In order to minimize losses and downtime, advanced inspection and maintenance strategies are necessary to identify failures and find the root issues for correction or mitigation. Any advanced reliability tool’s objective consists in proactively detecting the largest classes of PV faults, intending to minimize the probability of occurrence of failure modes. These tools involve advanced on-site inspections, e.g., thermal (infrared) imaging with Unmanned Aerial Vehicle (UAV) technology, and artificial intelligence techniques, usually based on machine learning or deep learning, for automatic monitoring and diagnosis.
In [9], the authors provide a review of PV predictive maintenance. After justifying its need, they address the current approaches and opportunities, distinguishing between manual diagnostics, the failure modes and effects analysis (FMEA) approach, machine learning and forecasting, and real-time sensor analysis. PV maintenance approaches are classified by detection accuracy and cost. The authors conclude that methods that maximize accuracy are also the most expensive. On the other hand, manual diagnostic approaches, such as visual inspections or infrared thermography, are low-cost and can be mainly used to assess the PV panels’ performance rather than the PV system as a whole. Using an FMEA approach or machine learning and forecasting can increase the accuracy but requires additional expenses. Last, the installation of specific sensors is found to be the most accurate yet the most expensive approach.
The number of field data to analyze increases as PV systems become larger, making manual PV monitoring more and more challenging. Aerial inspections and infrared thermography can be performed automatically, using manned survey aircraft or UAV (or drone) technology. The significant diffusion of UAV equipped with infrared cameras can support the fast supervision of PV plants and allows for identifying faults and malfunctions at module or cell levels for large surfaces; the quality of the assessment depends mainly on the imaging and post-processing systems that are used. Nonetheless, their utilization is limited based on geographic areas and authorizations [15].
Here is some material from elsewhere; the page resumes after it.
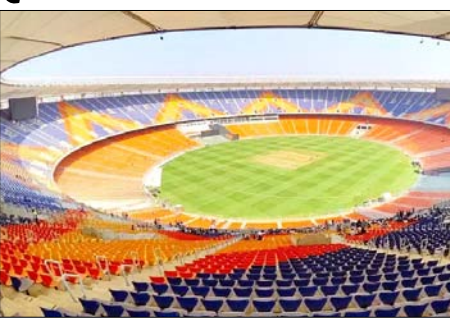
विजेता टीम सीधे फाइनल में जगह बनाएगी, बीसीसीआई ने प्लेऑफ मुकाबलों के शेड्यूल का ऐलान किया

मुम्बई, वार्ता। भारतीय क्रिकेट कंट्रोल बोर्ड (बीसीसीआई) ने बुधवार को कहा कि इंडियन प्रीमियर लीग (आईपीएल) 2026 का 31 मई को होने वाला फाइनल मुकाबला अहमदाबाद के नरेंद्र मोदी स्टेडियम में खेला जाएगा। बीसीसीआई ने इसी के साथ को प्लेऑफ मुकाबलों के शेड्यूल का ऐलान कर दिया। साथ ही प्लाईट टेबल की टॉप दो टीमों 26 मई को धर्मशाला के एचपीसीए स्टेडियम में क्वालिफायर वन खेलेंगी। इस मुकाबले की विजेता टीम सीधे फाइनल में जगह बनाएगी। इसके बाद प्लेऑफ का कारनामा न्यू चंडीगढ़ पहुंचेगा। 27 मई को न्यू इंटरनेशनल क्रिकेट स्टेडियम में एलिमिनेटर मैच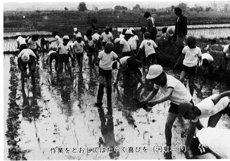
作業をとおしてはたらく喜びを (河東三小)

In [16], the authors propose using optical and thermal infrared sensors simultaneously with different resolutions to produce accurate temperature spatial information. Based on orthographic thermal infrared images, the temperature-fluctuation characteristics and spatial distribution analysis can identify modules and cells with abnormally high temperatures. The authors conclude that the inspection method of the PV module using a UAV equipped with thermal infrared sensors can be helpful for safety inspection and monitoring. Following this approach, the authors of [17] propose providing multirotor UAVs with additional sensors to correct their flight path in real-time and move a further step toward autonomous monitoring techniques. The authors address the problem of direct and indirect visual servoing, i.e., the issue of controlling a vehicle using feedback information coming from vision sensors. Using a dynamic compensator (based on a combination of a Canny edge detector and a Hough transform) that works primarily on the data information provided by the cameras already installed onboard, the UAVs are able to correct the set-point position and reject errors with respect to the desired trajectory.
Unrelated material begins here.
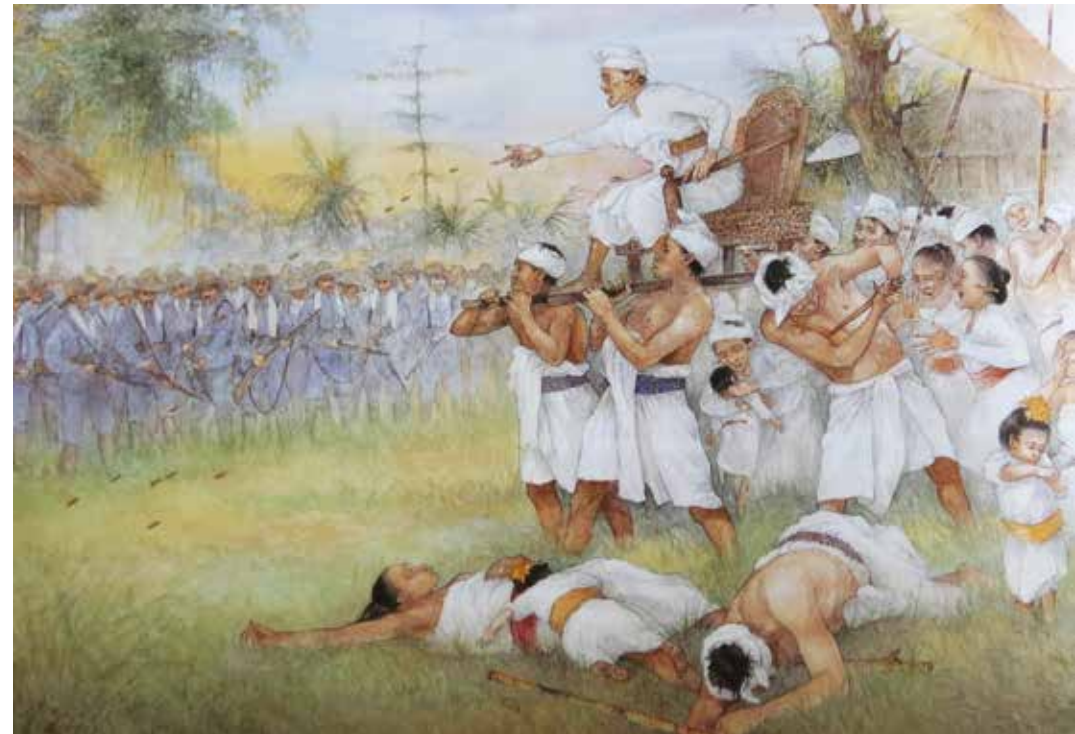
Puputan op Bali

De vrouwen vormden hun eigen hiërarchische gemeenschap en als het nodig was vochten ze met hun mannen mee om de nederzetting te verdedigen. Bij veroveringen werden zij ook slachtoffer van de vijandelijkheden. Deze njais en hun kinderen hadden geen rechten en konden zich nergens op beroepen. Sneuvelde hun partner of vader dan hadden ze domweg pech. Dat was ook het geval als de militair terugkeerde naar Nederland of met verlof ging naar Europa. Weinigen bekommerden zich om de kinderen, die meestal het voetspoor van hun ouders volgden: jongens in het leger, meisjes als concubine van een soldaat. 'Anak kompanie' werden ze genoemd. 'Kinderen van de Compagnie'. Nog meer dan voor hun mannen was het leven een strijd, waarin ze nooit mochten veronachtzamen of opgeven, waakzaamheid was altijd geboden.

Artificial intelligence approaches have been used successfully in conjunction with UAV technology. As aforementioned, the quality of any UAV assessment depends on the selected post-processing techniques. In [18], the authors use deep neural networks to process the images acquired employing UAV. The approach (which uses a mask-region-based three-layers CNN) can precisely detect the location of anomalies in images. The method solves three tasks simultaneously: location, segmentation, and classification of objects in an image. The proposed method outperforms standard image-processing techniques, detecting faults that were not detectable. Given the good computational performances, the authors foresee an onboard integration in the UAV platform for automatic on-site inspection operations, with minimized personnel activities.
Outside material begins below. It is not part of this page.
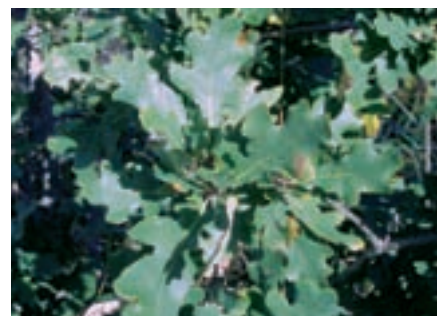
Dub pomáhá statečným zvířatům

Besides inspection procedures, predictive approaches are gaining significant interest (they are explicitly cited in the IEC TS 63265 Photovoltaic power systems–Reliability practices for operation). Predictive maintenance is a condition-based intervention carried out following a forecast derived from the analysis and evaluation of the significant parameters of the PV plants and their components (e.g., modules, inverters). The objective is to forecast the plant performance and degradation rate to detect anomalies before they become failures and estimate the plant’s remaining useful lifetime.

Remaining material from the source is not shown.